Pose Estimation API¶
Facial landmark detection and pose estimation interfaces.
Core Classes¶
Pose Estimator¶
Main pose estimation interface.
from demos.process import PoseEstimator
estimator = PoseEstimator(
config="configs/hrnet_w32.py",
checkpoint="checkpoints/hrnet.pth",
device="cuda:0"
)
Methods¶
estimate_keypoints()¶
keypoints = estimator.estimate_keypoints(
image=face_crop,
return_heatmaps=False,
return_confidence=True
)
batch_estimate()¶
MMPose Integration¶
from mmpose.apis import init_pose_model, inference_top_down_pose_model
# Initialize model
pose_model = init_pose_model(
config="configs/hrnet_w32_coco_256x192.py",
checkpoint="checkpoints/hrnet_w32.pth"
)
# Run inference
results, _ = inference_top_down_pose_model(
pose_model,
image,
person_results=bboxes,
return_heatmap=True
)
Keypoint Operations¶
Keypoint Format¶
# Standard keypoint format: [x, y, confidence]
keypoints = [
[120.5, 85.2, 0.95], # Point 0
[125.1, 88.7, 0.92], # Point 1
# ... 68 points total
]
# Flatten format for COCO
flat_keypoints = []
for x, y, conf in keypoints:
flat_keypoints.extend([x, y, 2 if conf > 0.5 else 0])
Keypoint Utilities¶
from demos.utils import (
normalize_keypoints,
denormalize_keypoints,
calculate_nme,
smooth_keypoints
)
# Normalize to [0, 1]
norm_kpts = normalize_keypoints(keypoints, image_size)
# Calculate error
nme = calculate_nme(predicted_kpts, ground_truth_kpts, face_size)
# Smooth trajectory
smoothed = smooth_keypoints(keypoint_sequence, window_size=5)
Landmark Conversion¶
Format Conversion¶
from landmark_converter.apply_model import LandmarkConverter
converter = LandmarkConverter(
model_path="converters/68to48.pth",
input_format=68,
output_format=48
)
# Convert landmarks
primate_landmarks = converter.convert(human_landmarks)
Cross-Dataset Mapping¶
from landmark_converter.utils import (
map_dlib_to_coco,
map_coco_to_openpose,
map_mediapipe_to_coco
)
# Convert between formats
coco_landmarks = map_dlib_to_coco(dlib_landmarks)

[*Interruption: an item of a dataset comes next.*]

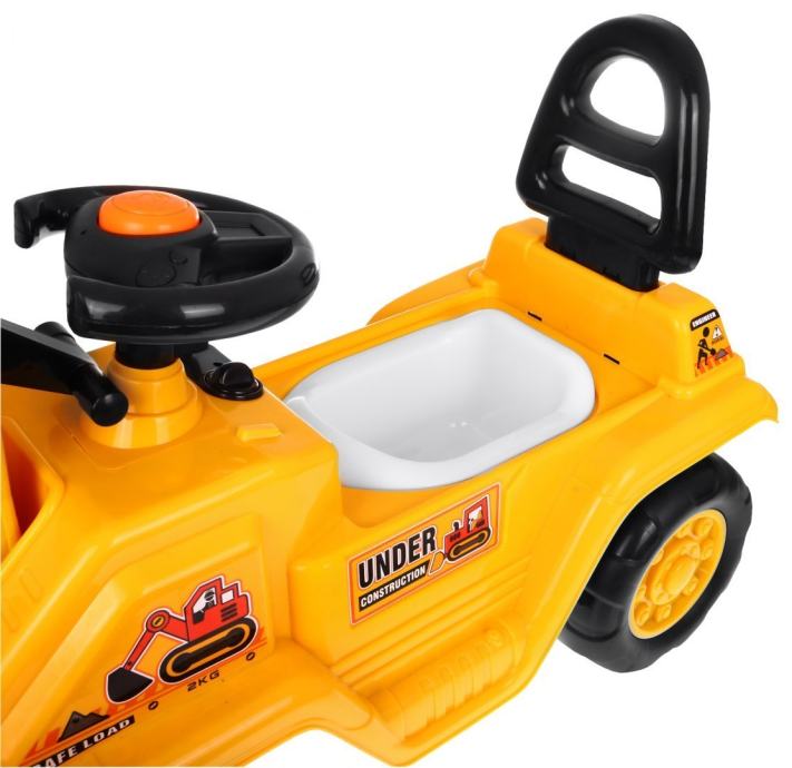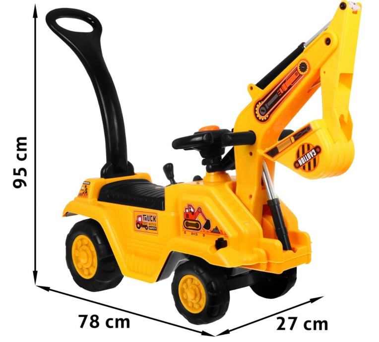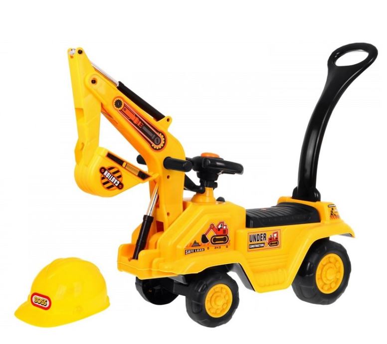 Ovaj model bagera jedno je od najzanimljivijih građevinskih vozila na tržištu. Vozilo se kreće na kotačima, a pomoću poluge je moguće pomicati žlicu. (pokupiti pijesak). Komplet dolazi s kacigom - neophodnom za sve građevinske radove. Igračka je izrađena od visokokvalitetne plastike.

openpose_landmarks = map_coco_to_openpose(coco_landmarks)
Pose Configuration¶
HRNet Configuration¶
pose_config = dict(
model=dict(
type='TopDown',
backbone=dict(
type='HRNet',
in_channels=3,
extra=dict(
stage2=dict(
num_modules=1,
num_branches=2,
num_channels=[48, 96]
),
stage3=dict(
num_modules=4,
num_branches=3,
num_channels=[48, 96, 192]
)
)
),
keypoint_head=dict(
type='TopdownHeatmapSimpleHead',
in_channels=48,
out_channels=68,
loss_keypoint=dict(type='JointsMSELoss')
)
)
)
Heatmap Processing¶
Heatmap Operations¶
from mmpose.core import get_max_preds, transform_preds
# Extract keypoints from heatmaps
coords, confidence = get_max_preds(heatmaps)
# Transform to original image space
keypoints = transform_preds(
coords,
center=bbox_center,
scale=bbox_scale,
output_size=heatmap_size
)
Visualization¶
from demos.viz_utils import (
draw_heatmaps,
overlay_keypoints,
create_skeleton
)
# Visualize heatmaps
heatmap_vis = draw_heatmaps(image, heatmaps, alpha=0.5)
# Draw keypoints
kpt_vis = overlay_keypoints(
image,
keypoints,
connections=FACIAL_CONNECTIONS,
point_size=3
)
Multi-Person Pose¶
Top-Down Approach¶
# Detect faces first, then estimate pose
detections = detector.detect(image)
all_poses = []
for bbox in detections:
pose = estimator.estimate(image, bbox)
all_poses.append(pose)
Bottom-Up Approach¶
# Detect all keypoints, then group
from mmpose.apis import inference_bottom_up_pose_model
results = inference_bottom_up_pose_model(
model,
image,
return_heatmap=True
)
Performance Metrics¶
Evaluation Metrics¶
from evals.core.metrics import (
calculate_pck,
calculate_oks,
calculate_auc
)
# Percentage of Correct Keypoints
pck = calculate_pck(
predictions,
ground_truth,
threshold=0.2 # 20% of face size
)
# Object Keypoint Similarity
oks = calculate_oks(predictions, ground_truth)
# Area Under Curve
auc = calculate_auc(pck_curve)
Error Handling¶
from demos.exceptions import (
NoFaceDetectedError,
KeypointEstimationError,
InvalidKeypointFormatError
)
try:
keypoints = estimator.estimate(image)
except NoFaceDetectedError:
print("No face found in image")
except KeypointEstimationError as e:
print(f"Estimation failed: {e}")